Every Conservative who watched those confirmation hearings had to have become emotionally invested in them,if they weren't from the beginning, as I was. They were worse than the Bork hearings. Everything I've ever suspected, believed, or thought I knew about the vicious, slimy, unconscionable, lengths, and depths, to which the left will go to advance and protect their political control and power was played out before my eyes, and confirmed in spades, during the Thomas hearings...and that's saying a LOT.
ping
I was very surprised -- and pleased -- to hear him say that he hasn't read a newspaper in almost 15 years.
I couldn’t put it down. Passing it around to all in my family. What a role model for all young men.
That last paragraph echoed my thoughts exactly.
Your tagline echoes mine. : )
It is an excellent read. I think you will be glad to have read it.
I gave copies as Christmas gifts.
I want to get the audio version of this book to listen to on my commute, but it is unavailable on audible.com and iTunes. Any idea why?
My 21-yr.old son asked for this book for Christmas. He started it Christmas night and said it was one of the best books he’d read. I thank God he has the intellegence to understand and accept the conservative principles he was raised with. My 19 yr. old daughter is a bit more of a project for me. She is more easily swayed by popular opinion, and less of a critical thinker. Perhaps my son will lend her Justice Thomas’s book.
I read the book over the holidays. Clarence Thomas should be an inspiration to everybody especially blacks.

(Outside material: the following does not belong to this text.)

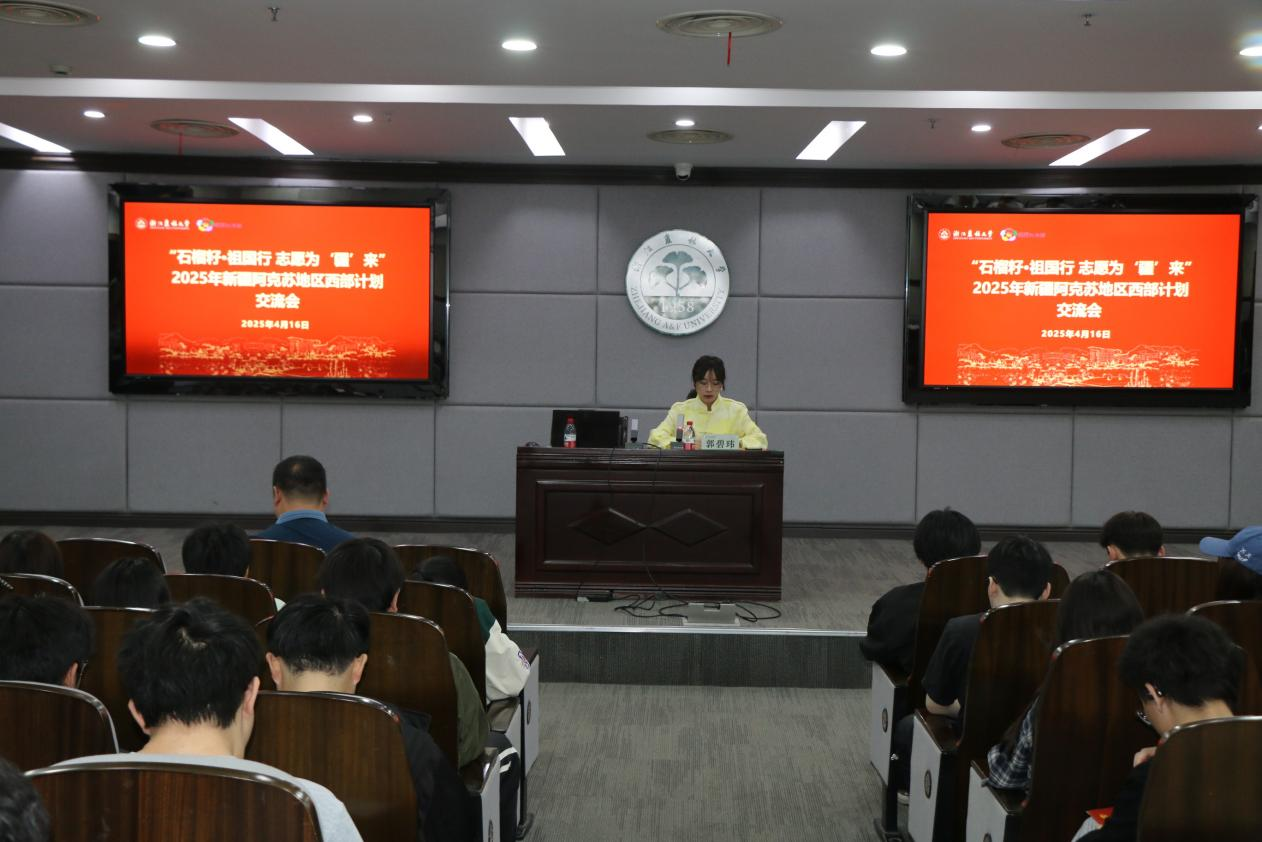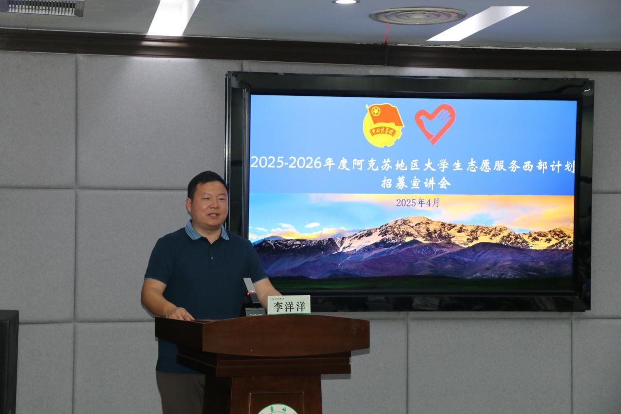 李洋洋就西部计划招募政策进行了现场解读。他希望更多的浙农林大青年能够走进新疆、走进阿克苏,为当地发展贡献力量。

i read it and also was amazed at what i didn’t know about Justice Thomas. Great book. i am going to lend it to a black friend of mine, for her to read as well as her grandsons. i told her it was an amazingly inspirational story. i had her read Juan Williams book, Enough, and she was impressed with it. She is not a republican, but she is reasonable.
Everyone--get a copy of this book and read it. It is full of the unexpected! The ironies of Thomas's prose--and of his life--would make Jane Austin herself sit up and take notice--and take notes! Many times I found myself laughing at the sheer irony of it all!

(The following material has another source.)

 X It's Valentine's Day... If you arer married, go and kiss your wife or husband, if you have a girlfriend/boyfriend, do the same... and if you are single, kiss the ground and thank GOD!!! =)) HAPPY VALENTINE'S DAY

Clarence Thomas is a great man.
He was propelled to greatness, almost in spite of himself (and his wishes), by his own inherent intelligence, benevolence, and love of truth, justice, and humanity.
Anyone who, like Clarence Thomas, seeks truth for its own sake, will find himself in strange and unexpected places and among strange and unexpected people. This is one thing that makes his book so fascinating--but only one thing of many.

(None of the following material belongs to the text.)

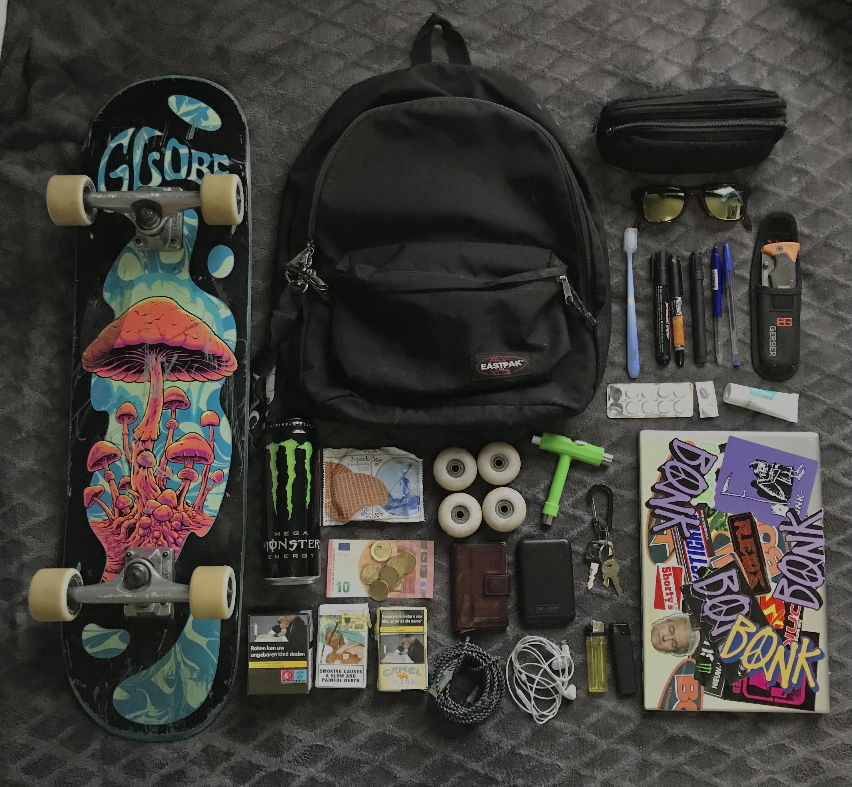 – skateboard(always between my bag and my back)

He reveres his grandfather and considers him the greatest man he has ever known. Thomas does not speak casually in superlatives.
Real love, Thomas says (and I paraphrase), values discipline over affection. Those of us who have contended with staggering difficulties and formidable demons will find ourselves envying Thomas the magnificent guidance of his grandfather--and his step-grandmother--and his wife, whom he adores (and we can well understand)--and Clarence Thomas himself!
Thomas's triumph over staggering difficulties, in retrospect, seems as inevitable as fate, considering the inherent personal qualities that made it possible, but his life is a blueprint for the triumph of anyone over anything. He seems to be wanting to share the secret of triumph with all people; the wise will take his advice and example to heart and run with them to their own triumphs.
His triumphs are triumphs of the human spirit. He offers his lessons to everyone.
I too came away with a renewed respect for Juan Williams--and also for Jack Danforth and Orin Hatch.
I came away with a renewed contempt for those who thwarted Justice Thomas--notably the politicians et al. who attempted to block his appointment to the Supreme Court.
Clarence Thomas is a man of brilliant intelligence and a love of truth and justice and of humanity that is utterly magnificent.
Of all the famous people paraded before us in this Information Age, Clarence Thomas is one of whom I would like to know personally.